The following are listed as important for law reform so that no loopholes or confusion result:

  • “All defences and authorisations of corporal punishment are repealed (removed) so that the criminal law on assault applies equally to assaults on children, whether or not they are described as discipline or punishment;
  • Legislation explicitly prohibits—or is clearly interpreted as prohibiting—all corporal punishment and other cruel and degrading punishment;
  • The language used is clear and not open to misinterpretation—the law must leave no doubt that children should not be physically punished or suffer humiliating or degrading punishment;
  • There are no legal loopholes that could be used by those seeking to justify or defend some level of violent punishment of children.”

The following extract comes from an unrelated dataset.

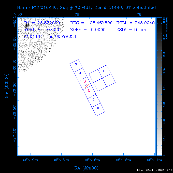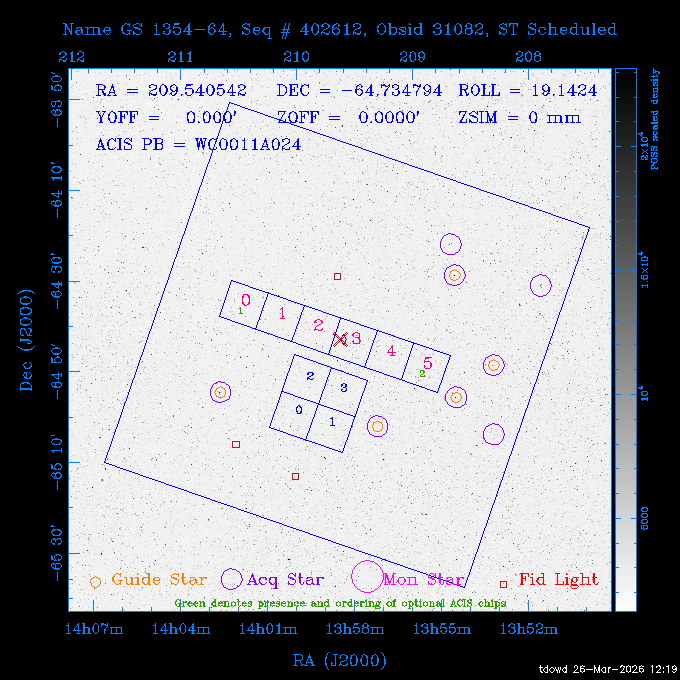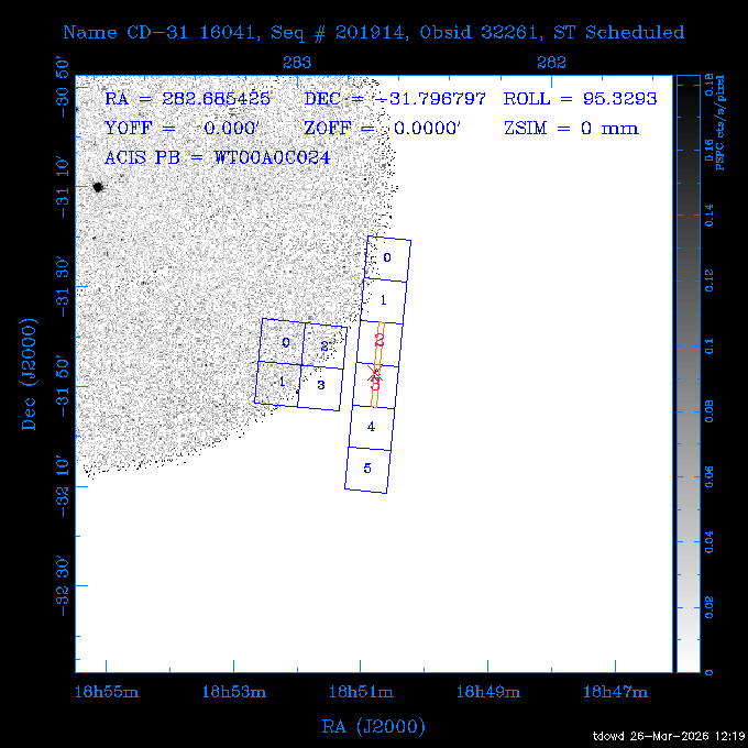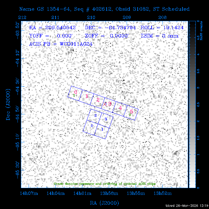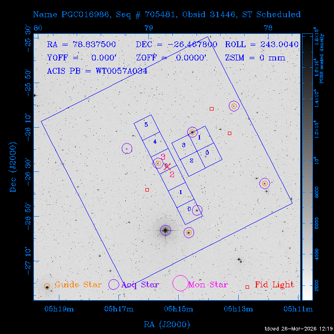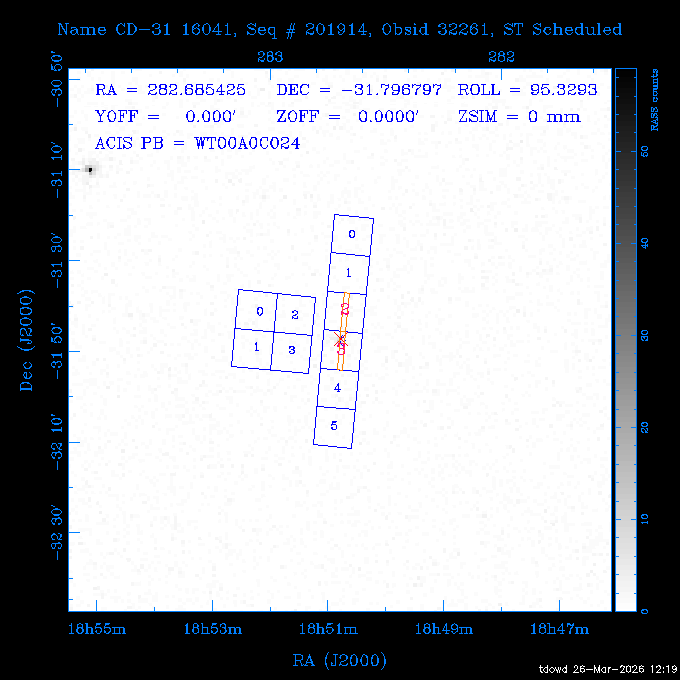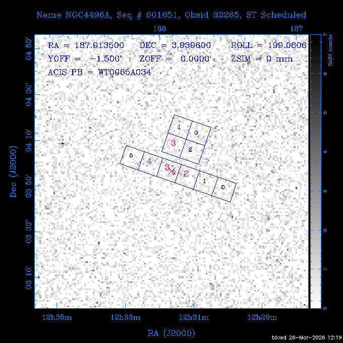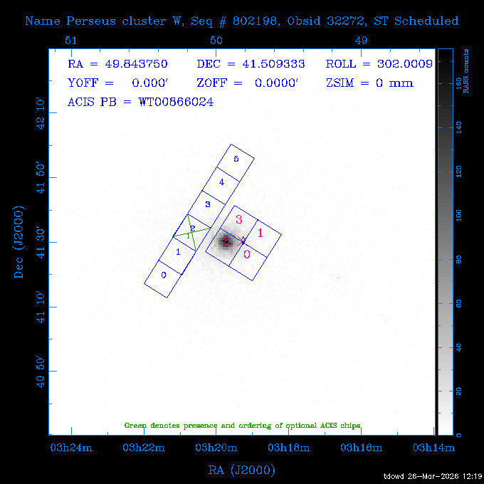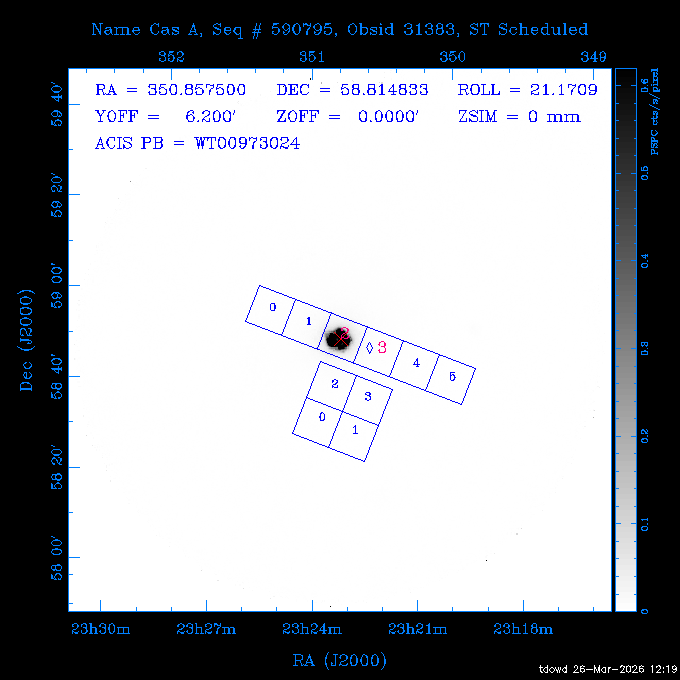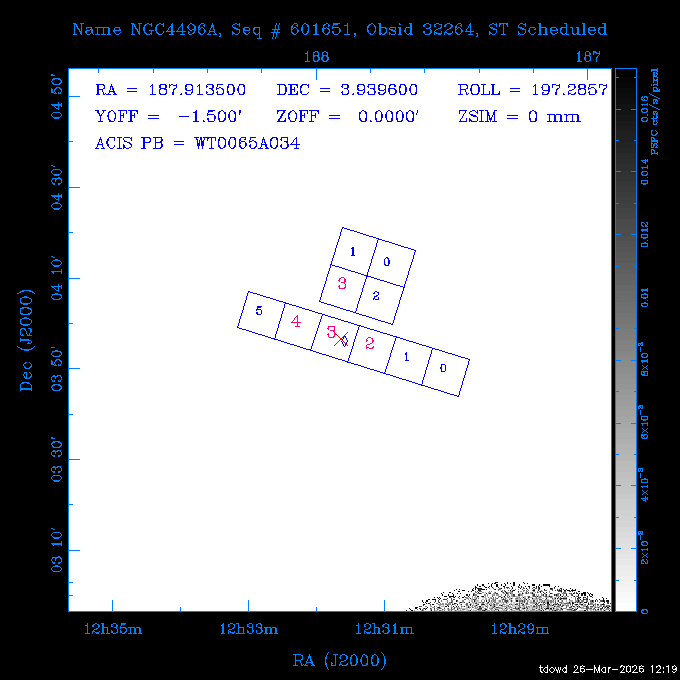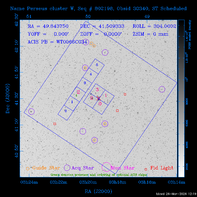 Seq # NB ObsID Constr. Target Start Time SI Grat Active Chips RA Dec Roll Pitch Slew Overlays ------ --- ----- ------- -------------------- --------------------- ----- ------ ---- ----------------- -------- -------- ------ ------ ------ ------------- 201914 CCT 32261 0 CD-31 16041 2026:088:22:15:39.237 5.0 ACIS-S NONE S2,S3 282.6854 -31.7968 95.34 88.01 90.34 dss pspc rass 503605 TOO 31127 0 SN 2026dix 2026:089:00:23:04.279 10.0 ACIS-S NONE S2,S3 177.6560 55.3536 180.96 120.48 128.63 dss pspc rass 705221 29933 0 SDSS J134234.31+1913 2026:089:03:35:39.594 6.0 ACIS-S NONE S2,S3 205.6430 19.2275 141.49 151.57 46.81 dss pspc rass 705201 29913 0 SDSS J164818.07+4155 2026:089:05:41:25.415 44.4 ACIS-S NONE S2,S3 252.0753 41.9306 110.98 106.73 45.54 dss pspc rass ---- 41588 CAL-ER (PER01) 2026:089:18:31:34.738 2.0 -- -- 191.5000 -1.4000 133.64 176.46 69.60 ---- 41587 CAL-ER (PER03) 2026:089:20:15:00.000 1.0 -- -- 324.0000 26.0000 70.58 48.42 128.37 ---- 41586 CAL-ER (PER04) 2026:089:21:30:00.000 1.0 -- -- 349.5000 -41.3000 153.58 48.58 102.26 ---- 41585 CAL-ER (PER05) 2026:089:23:00:00.000 2.0 -- -- 190.5000 -6.2000 31.73 177.32 129.00 ---- 41584 CAL-ER (PER02) 2026:090:00:10:00.000 2.0 -- -- 230.0000 -0.9000 94.97 139.05 71.51 ---- 41583 CAL-ER (PER06) 2026:090:01:30:00.000 1.0 -- -- 323.0000 23.0000 73.99 48.48 93.14 ---- 41582 CAL-ER (PER07) 2026:090:02:40:00.000 1.0 -- -- 55.2000 22.5000 285.68 48.18 125.57 ---- 41581 CAL-ER (CAL01) 2026:090:03:45:00.000 1.0 -- -- 185.2000 -3.7000 259.00 175.95 128.47 802198 30335 0 Perseus cluster W 2026:090:04:50:31.111 12.5 ACIS-I NONE I0,I1,I2,I3 49.8438 41.5093 300.02 52.13 128.65 dss pspc rass 601651 29656 0 NGC4496A 2026:090:09:01:17.973 10.0 ACIS-S NONE I3,S2,S3,S4 187.9135 3.9396 191.02 171.85 121.26 dss pspc rass 802198 32268 0 Perseus cluster W 2026:090:12:30:24.840 17.5 ACIS-I NONE I0,I1,I2,I3,S2 49.8438 41.5093 300.02 51.85 121.27 dss pspc rass 601651 32262 0 NGC4496A 2026:090:18:04:29.599 10.0 ACIS-S NONE I3,S2,S3,S4 187.9135 3.9396 193.26 171.64 121.11 dss pspc rass 802198 32269 0 Perseus cluster W 2026:090:21:33:34.362 17.8 ACIS-I NONE I0,I1,I2,I3,S2 49.8438 41.5093 300.02 51.52 121.11 dss pspc rass 601651 32263 0 NGC4496A 2026:091:03:12:37.447 10.0 ACIS-S NONE I3,S2,S3,S4 187.9135 3.9396 195.36 171.41 120.98 dss pspc rass 802198 32270 0 Perseus cluster W 2026:091:06:41:41.300 17.5 ACIS-I NONE I0,I1,I2,I3,S2 49.8438 41.5093 301.02 51.18 121.04 dss pspc rass 601651 32264 0 NGC4496A 2026:091:12:15:43.745 10.0 ACIS-S NONE I3,S2,S3,S4 187.9135 3.9396 197.28 171.17 120.93 dss pspc rass 802198 32271 0 Perseus cluster W 2026:091:15:44:46.194 17.5 ACIS-I NONE I0,I1,I2,I3,S2 49.8438 41.5093 301.02 50.85 120.93 dss pspc rass 601651 32265 0 NGC4496A 2026:091:21:18:47.560 10.0 ACIS-S NONE I3,S2,S3,S4 187.9135 3.9396 199.06 170.92 120.85 dss pspc rass 802198 32272 0 Perseus cluster W 2026:092:00:47:49.515 17.0 ACIS-I NONE I0,I1,I2,I3 49.8438 41.5093 302.02 50.52 120.90 dss pspc rass 503630 TOO 31152 3 AT2026dbl 2026:092:06:03:12.854 12.6 ACIS-S NONE S2,S3 135.3224 18.6022 252.65 120.19 74.50 dss pspc rass ---- 41580 CAL-ER (PER08) 2026:092:10:03:31.607 3.0 -- -- 189.5000 -0.4000 202.43 175.17 68.69 ---- 41579 CAL-ER (PER09) 2026:092:12:00:00.000 3.0 -- -- 49.0000 41.0000 306.74 49.32 126.28 ---- 41578 CAL-ER (PER10) 2026:092:14:00:00.000 3.0 -- -- 343.0000 -35.0000 140.32 48.08 174.28 ---- 41577 CAL-ER (CAL01) 2026:092:16:00:00.000 1.0 -- -- 212.0000 -37.0000 35.25 142.90 94.82 ---- 41576 CAL-ER (PER11) 2026:092:17:00:00.000 1.0 -- -- 25.0000 -71.0000 193.76 76.50 72.93 ---- 41575 CAL-ER (PER12) 2026:092:18:09:00.000 1.0 -- -- 107.0000 52.0000 262.70 89.37 138.02 ---- 41574 CAL-ER (CAL01) 2026:092:19:07:00.000 1.0 -- -- 191.0000 -0.8500 188.99 175.80 90.22 802198 32273 0 Perseus cluster W 2026:092:20:10:40.156 10.0 ACIS-I NONE I0,I1,I2,I3 49.8438 41.5093 303.02 49.85 127.33 dss pspc rass 601658 30177 0 NGC4694 2026:092:23:38:58.199 10.0 ACIS-S NONE I3,S2,S3,S4 192.0629 10.9835 182.00 163.95 117.60 dss pspc rass 802198 30337 0 Perseus cluster W 2026:093:03:07:16.242 15.7 ACIS-I NONE I0,I1,I2,I3,S2 49.8438 41.5093 303.02 49.61 117.60 dss pspc rass 601658 32266 0 NGC4694 2026:093:08:10:34.285 9.0 ACIS-S NONE I3,S2,S3,S4 192.0629 10.9835 182.00 163.82 117.60 dss pspc rass 802198 30340 0 Perseus cluster W 2026:093:11:22:13.391 15.0 ACIS-I NONE I0,I1,I2,I3,S2 49.8438 41.5093 304.02 49.31 117.68 dss pspc rass 601658 32267 0 NGC4694 2026:093:16:13:52.496 9.0 ACIS-S NONE I3,S2,S3,S4 192.0629 10.9835 182.00 163.69 117.68 dss pspc rass 802198 30341 0 Perseus cluster W 2026:093:19:25:31.602 10.0 ACIS-I NONE I0,I1,I2,I3,S2 49.8438 41.5093 304.02 49.02 117.68 dss pspc rass 705481 P1 31446 0 PGC016986 2026:093:22:47:38.938 7.0 ACIS-S NONE S2,S3 78.8375 -26.4678 243.00 71.37 89.80 dss pspc rass 402612 TOO 31082 3 GS 1354-64 2026:094:01:18:14.312 28.4 ACIS-S HETG S0,S1,S2,S3,S4,S5 209.5405 -64.7348 19.11 119.52 82.90 dss pspc rass 503630 TOO 32274 3 AT2026dbl 2026:094:09:54:51.352 36.5 ACIS-S NONE S2,S3 135.3224 18.6022 248.00 118.07 125.03 dss pspc rass 705472 P1 31437 0 IRAS 07598+6508 2026:094:20:29:39.485 10.0 ACIS-S NONE S2,S3 121.1271 64.9979 251.66 92.02 47.79 dss pspc rass 705407 31260 2 M 87 2026:094:23:47:10.749 5.0 ACIS-S NONE S2,S3 187.7059 12.3911 198.35 160.81 69.09 dss pspc rass ---- 41573 CAL-ER (PER13) 2026:095:01:51:33.037 3.0 -- -- 14.4000 53.7500 359.15 47.87 113.77 ---- 41572 CAL-ER (PER14) 2026:095:05:15:00.000 3.0 -- -- 194.5000 -1.4000 172.33 175.42 127.74 ---- 41571 CAL-ER (CAL01) 2026:095:08:00:00.000 3.0 -- -- 45.0000 49.0000 318.27 50.37 127.54 590794 31382 1 Cas A 2026:095:11:50:14.487 2.0 ACIS-S NONE S2,S3 350.8575 58.8148 20.97 55.74 36.76 dss pspc rass 590795 31383 1 Cas A 2026:095:12:32:04.487 2.0 ACIS-S NONE S2,S3 350.8575 58.8148 21.19 55.75 0.15 dss pspc rass 601743 CCT 32260 0 VCC 1465 2026:095:13:47:44.138 10.0 ACIS-I NONE I0,I1,I2,I3 188.2315 3.3604 212.28 168.85 120.72 dss pspc rass 802198 30343 0 Perseus cluster W 2026:095:17:16:52

The report lists countries and their practices. Sixty-two countries have banned corporal punishment thus far. In the USA, corporal punishment is not prohibited in the home. But about two-thirds of states prohibit corporal punishment in care settings, schools, and penal institutions.


Once committed to ending corporal punishment in all settings, each country can implement public education campaigns, professional training, and positive parenting support. They can promote safe schools and communities.

INSPIRE is one of the resources developed as a framework for ending violence against children. The World Health Organization (2014) developed the technical package, INSPIRE, as a framework for ending violence against children:

  • Implementation and enforcement of laws,
  • Norms and values,
  • Safe environments,
  • Parent and caregiver support,
  • Income and economic strengthening,
  • Response and support services,
  • Education and life skills.


Regular data collection through surveys will be needed. Countries and communities can measure progress with Sustainable Developmental Goal 16.2.1:

“Percentage of children ages 1-17 who experienced any physical punishment and/or psychological aggression by caregivers in the past month.”

The authors stress that violence is not a private matter but a matter of human rights that affects us all.


Hillis S, Mercy J, Amobi A, et al. (2016). Global Prevalence of Past-year Violence Against Children: A Systematic Review and Minimum Estimates. Pediatrics, 137(3), e20154079.

Pereznieto, P., Montes, A., Routier, S. & Langston, L. (2014). The costs and economic impact of violence against children. Overseas Development Institute.

UNICEF (2014). Hidden in plain sight: A statistical analysis of violence against children.

World Health Organization (2014). INSPIRE: Seven strategies for ending violence against children. Geneva: WHO.